_Exercise instructions_. The entries below should be given again exactly, minus their pictures.

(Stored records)

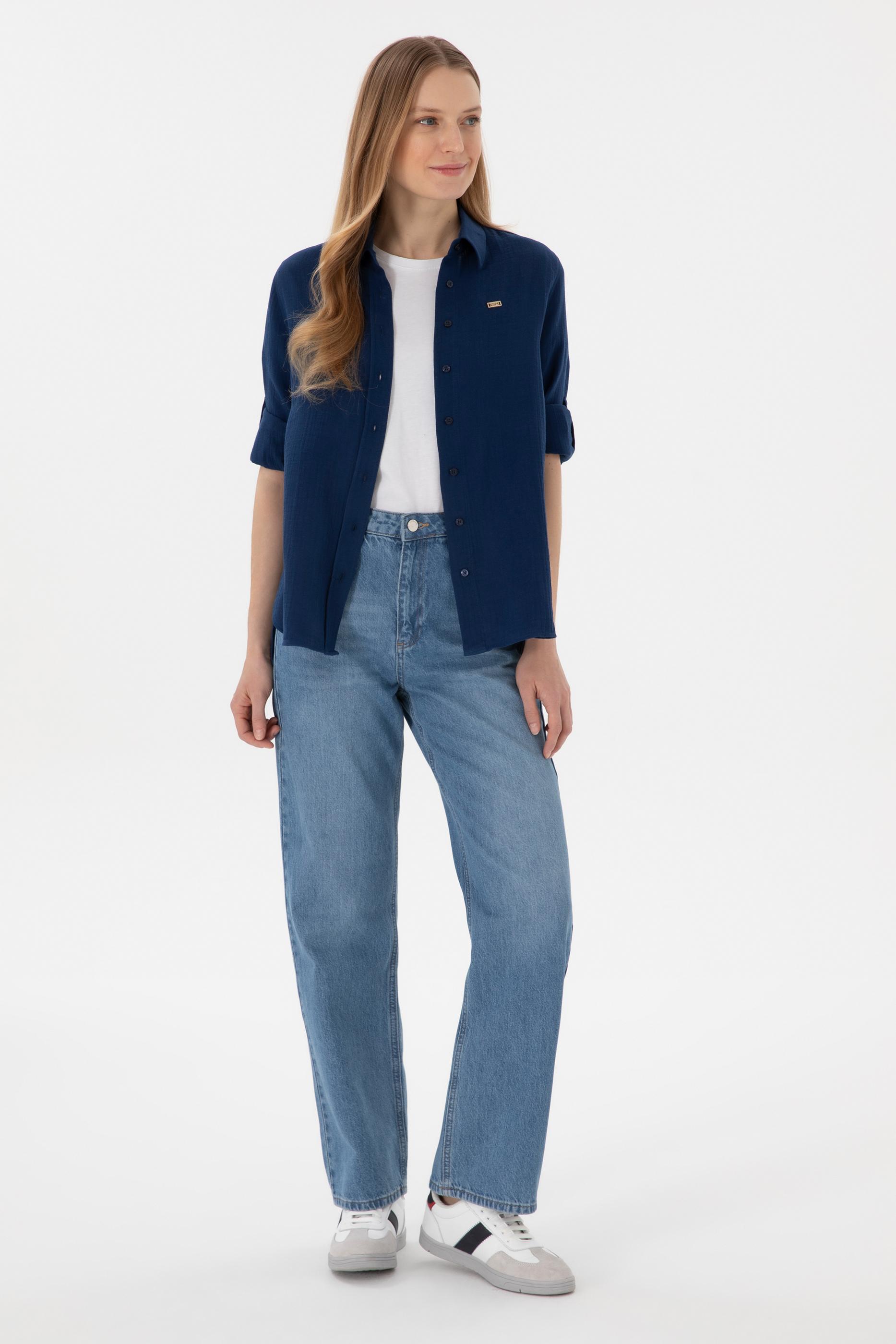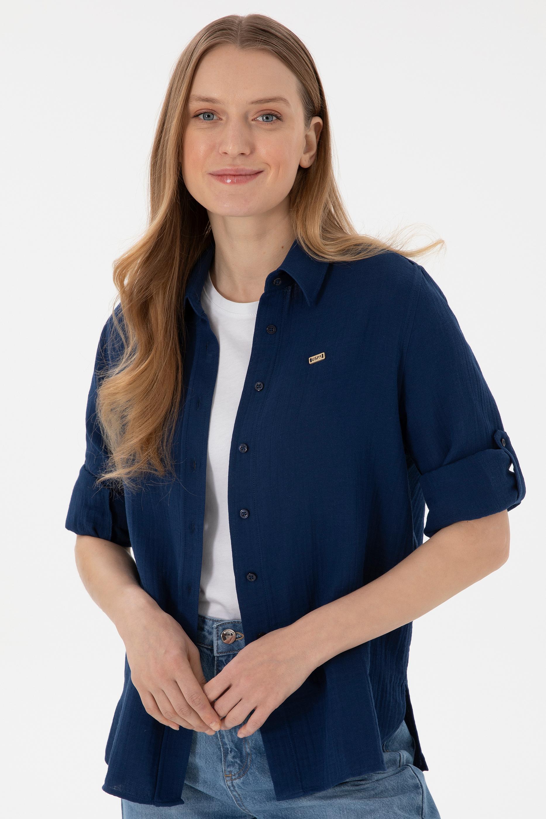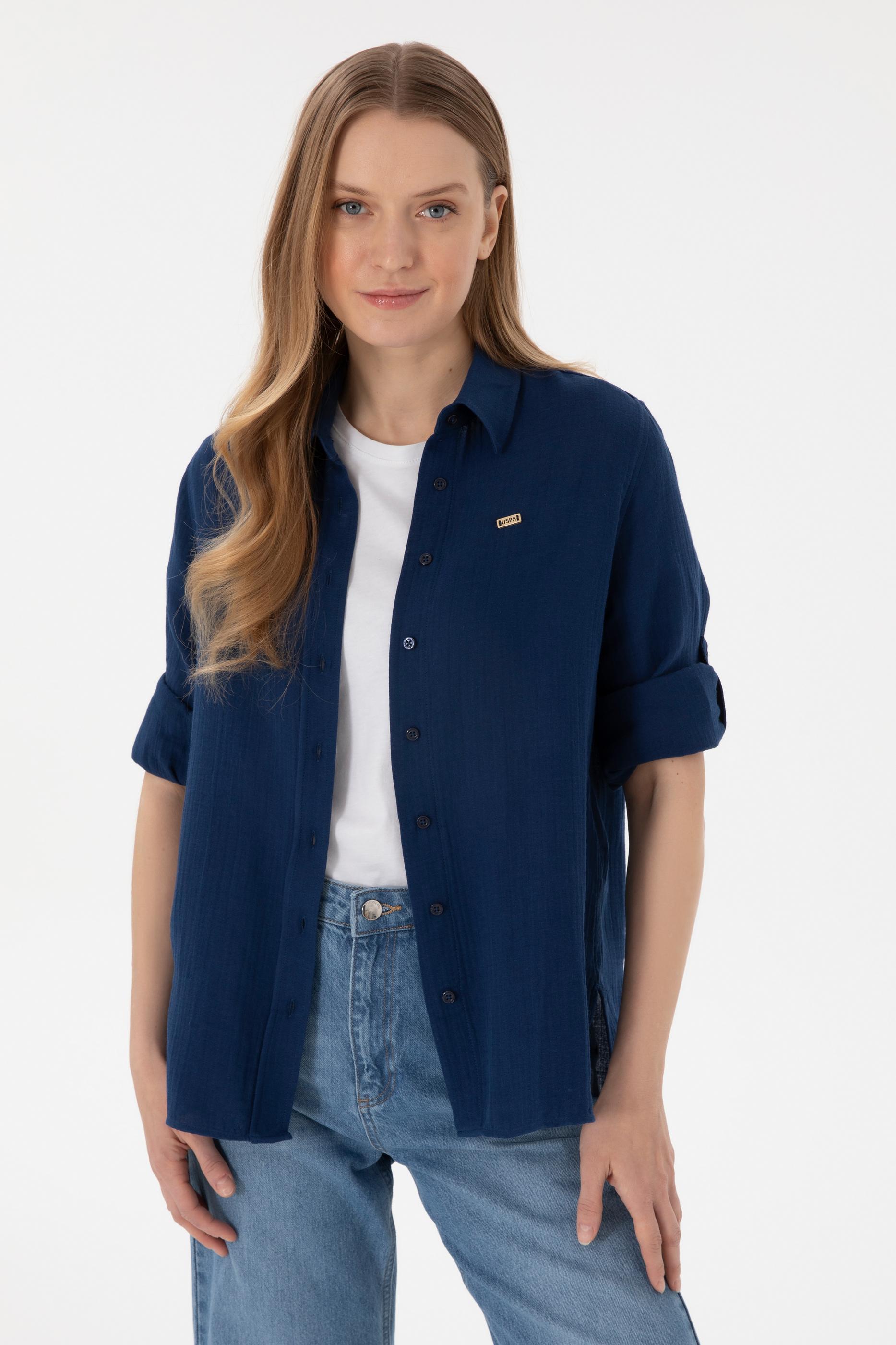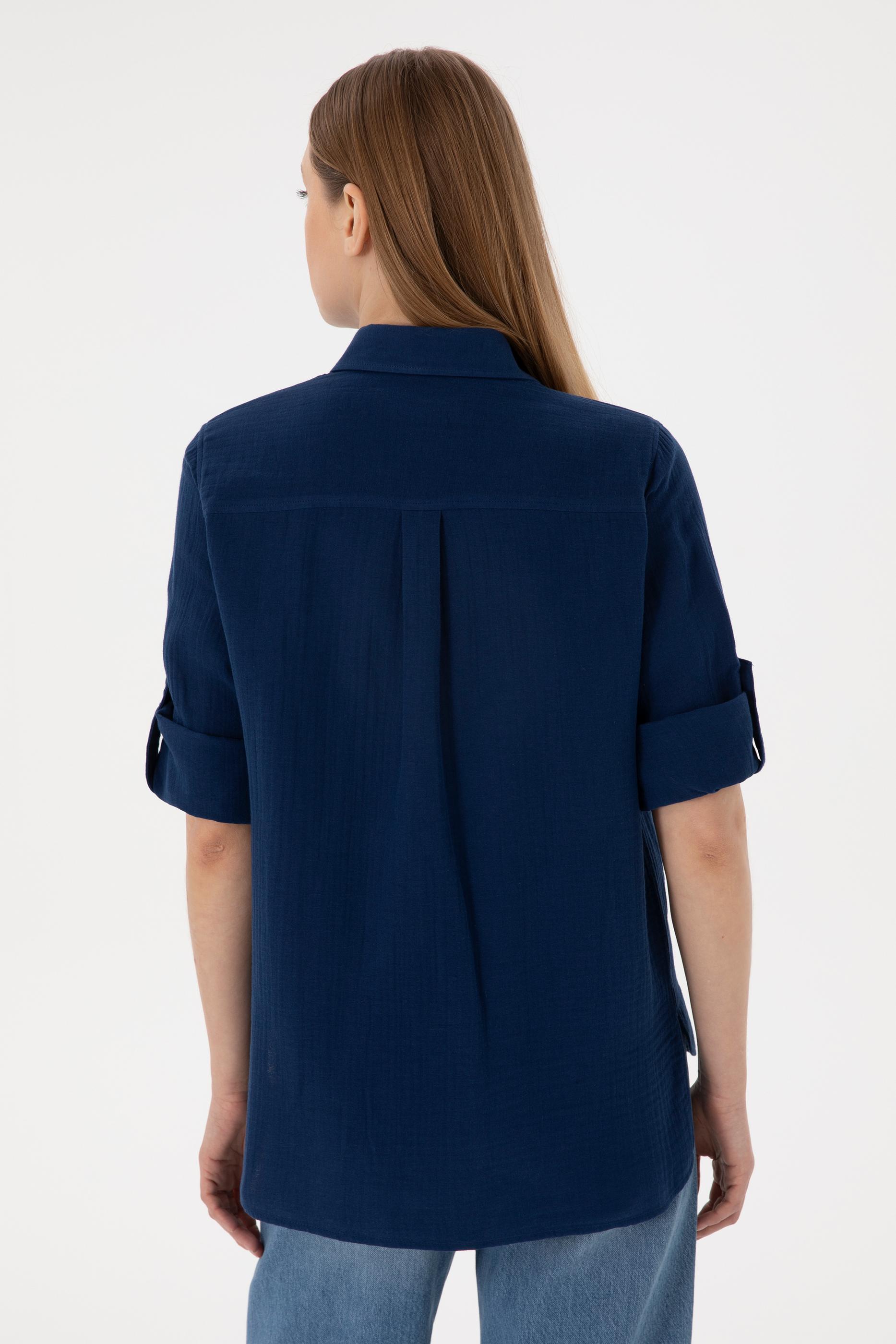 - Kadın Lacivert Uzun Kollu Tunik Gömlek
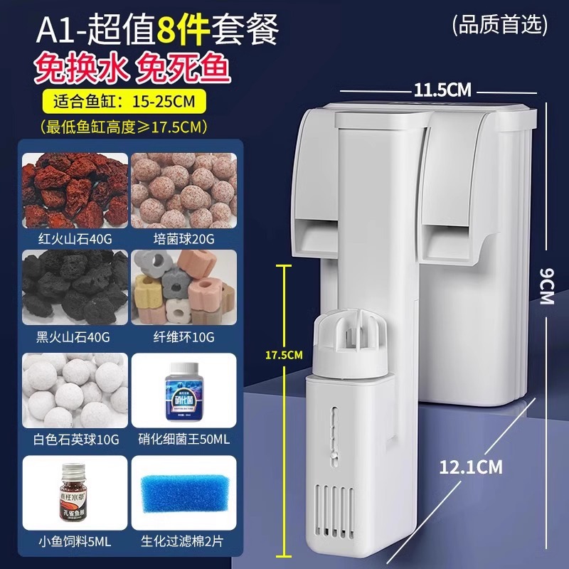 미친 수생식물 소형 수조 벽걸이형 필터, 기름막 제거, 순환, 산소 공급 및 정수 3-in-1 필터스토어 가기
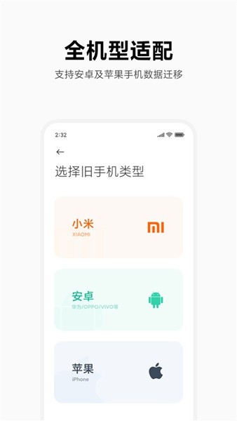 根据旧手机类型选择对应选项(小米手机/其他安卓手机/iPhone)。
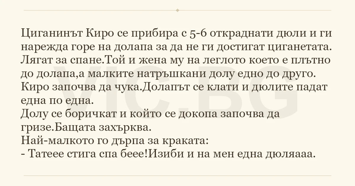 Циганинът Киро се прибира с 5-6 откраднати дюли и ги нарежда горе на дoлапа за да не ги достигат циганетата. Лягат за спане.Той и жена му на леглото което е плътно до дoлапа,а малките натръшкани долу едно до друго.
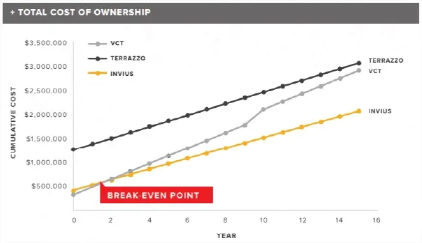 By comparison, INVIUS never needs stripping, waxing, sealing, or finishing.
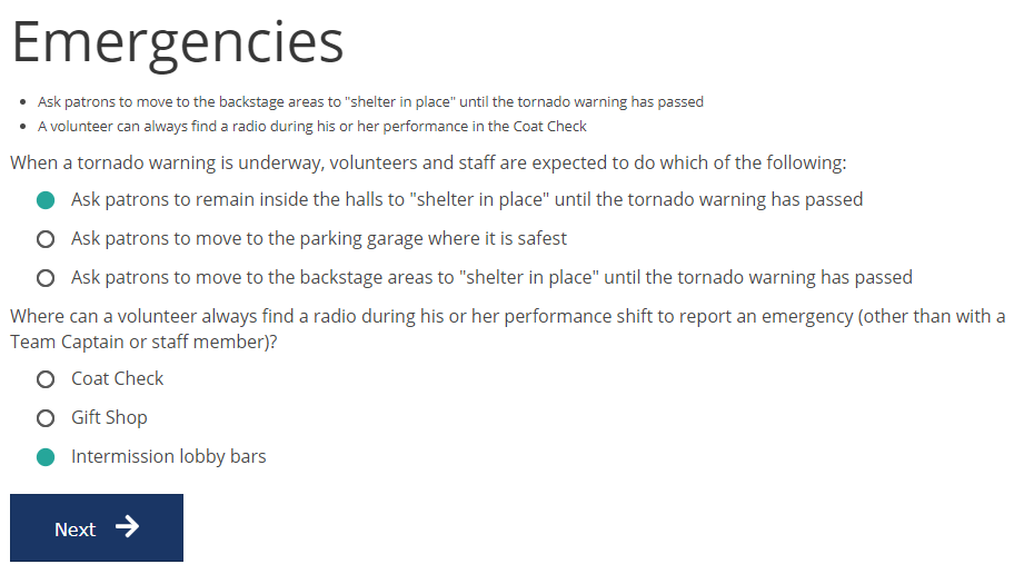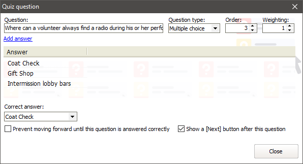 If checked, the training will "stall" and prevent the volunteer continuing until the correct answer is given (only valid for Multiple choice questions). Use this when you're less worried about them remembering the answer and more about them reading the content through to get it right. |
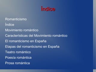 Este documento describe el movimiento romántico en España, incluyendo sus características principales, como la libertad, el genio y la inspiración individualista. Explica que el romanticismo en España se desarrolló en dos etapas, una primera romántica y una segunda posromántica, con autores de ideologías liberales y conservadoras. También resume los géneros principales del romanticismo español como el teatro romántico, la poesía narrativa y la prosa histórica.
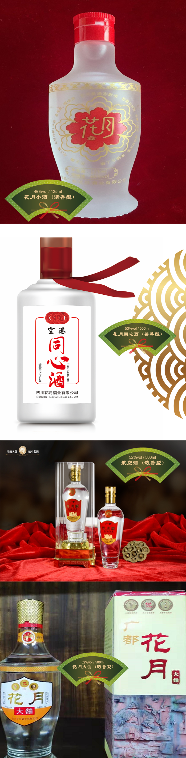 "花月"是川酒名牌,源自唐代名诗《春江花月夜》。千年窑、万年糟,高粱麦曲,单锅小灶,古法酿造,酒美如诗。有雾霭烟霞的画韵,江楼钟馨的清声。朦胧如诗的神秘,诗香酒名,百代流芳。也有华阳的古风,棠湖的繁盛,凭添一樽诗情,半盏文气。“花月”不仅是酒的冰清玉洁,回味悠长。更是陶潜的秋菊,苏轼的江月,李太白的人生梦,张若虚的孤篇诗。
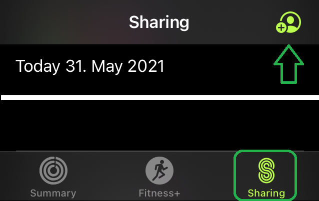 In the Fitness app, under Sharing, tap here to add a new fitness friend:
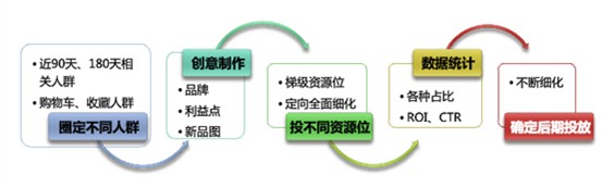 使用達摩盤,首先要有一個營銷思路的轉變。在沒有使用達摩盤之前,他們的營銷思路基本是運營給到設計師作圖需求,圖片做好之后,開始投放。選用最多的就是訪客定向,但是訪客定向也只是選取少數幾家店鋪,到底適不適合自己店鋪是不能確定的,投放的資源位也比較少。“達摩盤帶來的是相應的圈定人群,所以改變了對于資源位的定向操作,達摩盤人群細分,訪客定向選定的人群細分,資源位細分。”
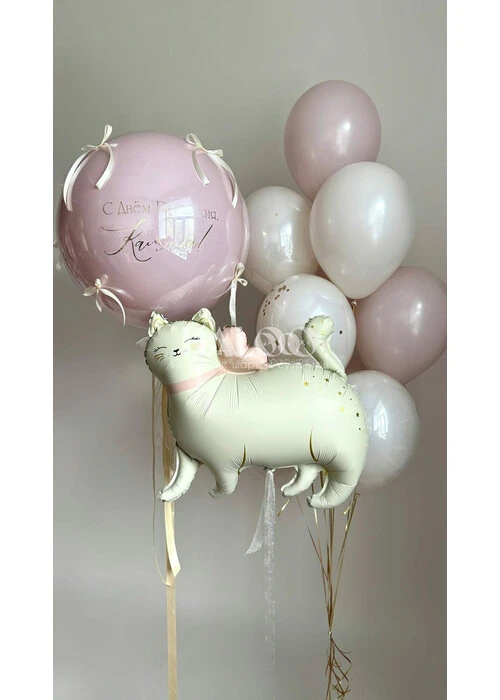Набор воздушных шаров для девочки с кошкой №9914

_Response to this exercise_.
 - Kadın Lacivert Uzun Kollu Tunik Gömlek
 미친 수생식물 소형 수조 벽걸이형 필터, 기름막 제거, 순환, 산소 공급 및 정수 3-in-1 필터스토어 가기
 根据旧手机类型选择对应选项(小米手机/其他安卓手机/iPhone)。
 Циганинът Киро се прибира с 5-6 откраднати дюли и ги нарежда горе на дoлапа за да не ги достигат циганетата. Лягат за спане.Той и жена му на леглото което е плътно до дoлапа,а малките натръшкани долу едно до друго.
 By comparison, INVIUS never needs stripping, waxing, sealing, or finishing.
 If checked, the training will "stall" and prevent the volunteer continuing until the correct answer is given (only valid for Multiple choice questions). Use this when you're less worried about them remembering the answer and more about them reading the content through to get it right. |
 Este documento describe el movimiento romántico en España, incluyendo sus características principales, como la libertad, el genio y la inspiración individualista. Explica que el romanticismo en España se desarrolló en dos etapas, una primera romántica y una segunda posromántica, con autores de ideologías liberales y conservadoras. También resume los géneros principales del romanticismo español como el teatro romántico, la poesía narrativa y la prosa histórica.
 "花月"是川酒名牌,源自唐代名诗《春江花月夜》。千年窑、万年糟,高粱麦曲,单锅小灶,古法酿造,酒美如诗。有雾霭烟霞的画韵,江楼钟馨的清声。朦胧如诗的神秘,诗香酒名,百代流芳。也有华阳的古风,棠湖的繁盛,凭添一樽诗情,半盏文气。“花月”不仅是酒的冰清玉洁,回味悠长。更是陶潜的秋菊,苏轼的江月,李太白的人生梦,张若虚的孤篇诗。
 In the Fitness app, under Sharing, tap here to add a new fitness friend:
 使用達摩盤,首先要有一個營銷思路的轉變。在沒有使用達摩盤之前,他們的營銷思路基本是運營給到設計師作圖需求,圖片做好之后,開始投放。選用最多的就是訪客定向,但是訪客定向也只是選取少數幾家店鋪,到底適不適合自己店鋪是不能確定的,投放的資源位也比較少。“達摩盤帶來的是相應的圈定人群,所以改變了對于資源位的定向操作,達摩盤人群細分,訪客定向選定的人群細分,資源位細分。”
Набор воздушных шаров для девочки с кошкой №9914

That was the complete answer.